* Work task: Set the data down exactly as it stands, and keep its pictures out.

* Study material:
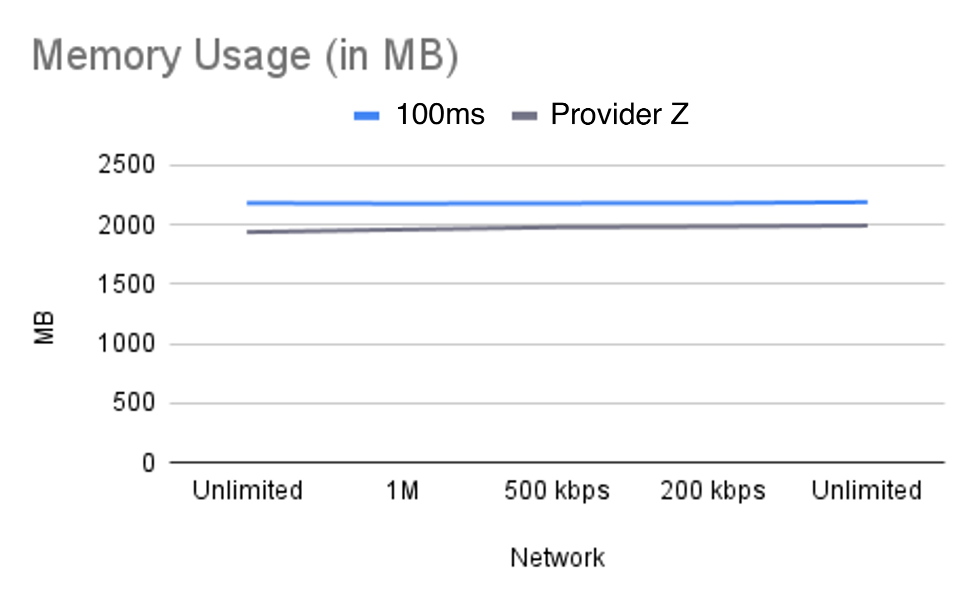 In high-traffic situations that cause network congestion, Provider Z can transmit more frames per second compared to 100ms. The video also freezes less than 100ms. However, it is important to note that this is achieved by compromising latency: 100ms audio and video have significantly lower latency compared to Provider Z. This means as more people join the call and packet loss occurs, the end users will not experience as much lag in audio and video with 100ms as they would with Provider Z.
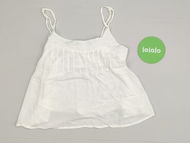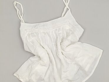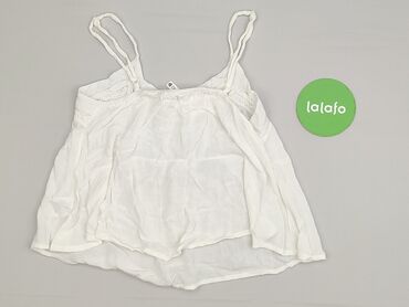 Ażurowy top na ramiączkach, biały, dziergany. - Krój: krótki top/crop z dekoltem V z przodu, lekko zaokrąglonym z tyłu. - Przód z dekoracyjnym sznurowaniem na środku (bawełniany pasek do regulacji...
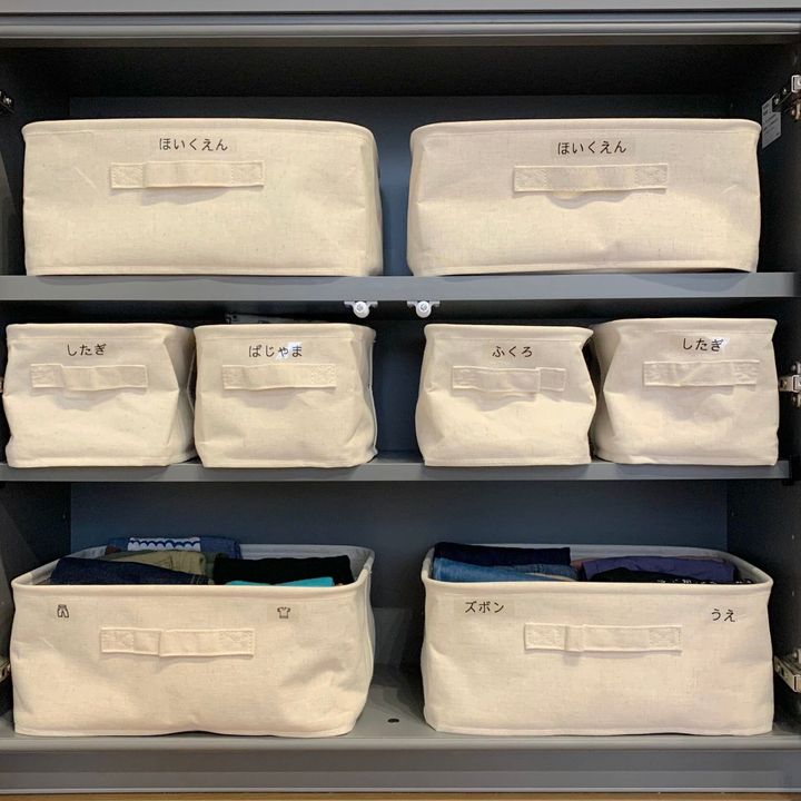 おもに、子ども服やおもちゃの収納に使っています。布の部分がやわらかすぎず、しっかりしており自立します。そのため、中にたくさんのものを入れても、形がくずれたり倒れたりすることはありません。また、布の部分がやわらかすぎると、フニャフニャとしてしまい子どもが持ち運びにくいのですが、「無印」商品はしっかりとしているので、子どもでも扱いやすいです。
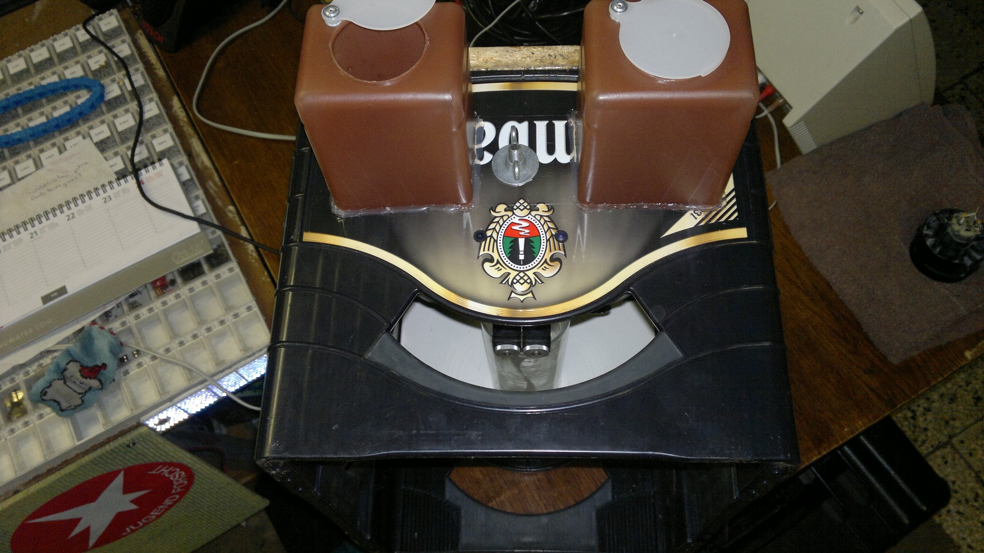 Hey, @Alex Bürgel: Das habe ich auch schon überlegt, aber der Deckel passt nicht auf jede Flasche und ich wollte möglichst alles einfüllen können. Gestern abend hatte ein Kumpel von mir noch eine super Idee, die perfekt passt! http://www.bruja.de/catalog/product_info.php?products_id=402 So eine Kaninchentränke eignet sich hervorragend! Gruß Ole
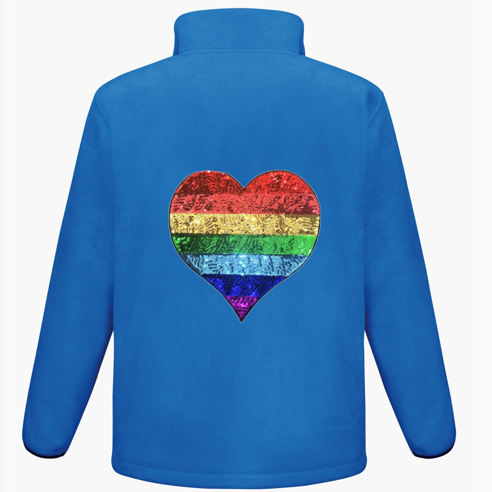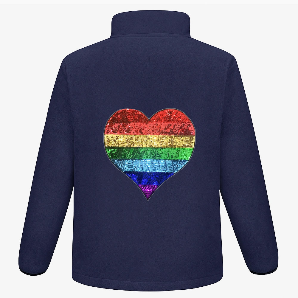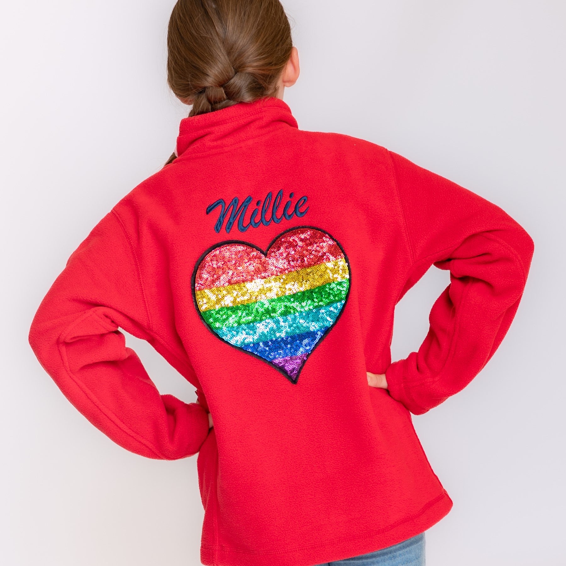 Super warm and cosy fleece customised with a stunning sequin rainbow heart measuring 20cm across.

* The answer:
 In high-traffic situations that cause network congestion, Provider Z can transmit more frames per second compared to 100ms. The video also freezes less than 100ms. However, it is important to note that this is achieved by compromising latency: 100ms audio and video have significantly lower latency compared to Provider Z. This means as more people join the call and packet loss occurs, the end users will not experience as much lag in audio and video with 100ms as they would with Provider Z.
 Ażurowy top na ramiączkach, biały, dziergany. - Krój: krótki top/crop z dekoltem V z przodu, lekko zaokrąglonym z tyłu. - Przód z dekoracyjnym sznurowaniem na środku (bawełniany pasek do regulacji...
 おもに、子ども服やおもちゃの収納に使っています。布の部分がやわらかすぎず、しっかりしており自立します。そのため、中にたくさんのものを入れても、形がくずれたり倒れたりすることはありません。また、布の部分がやわらかすぎると、フニャフニャとしてしまい子どもが持ち運びにくいのですが、「無印」商品はしっかりとしているので、子どもでも扱いやすいです。
 Hey, @Alex Bürgel: Das habe ich auch schon überlegt, aber der Deckel passt nicht auf jede Flasche und ich wollte möglichst alles einfüllen können. Gestern abend hatte ein Kumpel von mir noch eine super Idee, die perfekt passt! http://www.bruja.de/catalog/product_info.php?products_id=402 So eine Kaninchentränke eignet sich hervorragend! Gruß Ole
 Super warm and cosy fleece customised with a stunning sequin rainbow heart measuring 20cm across.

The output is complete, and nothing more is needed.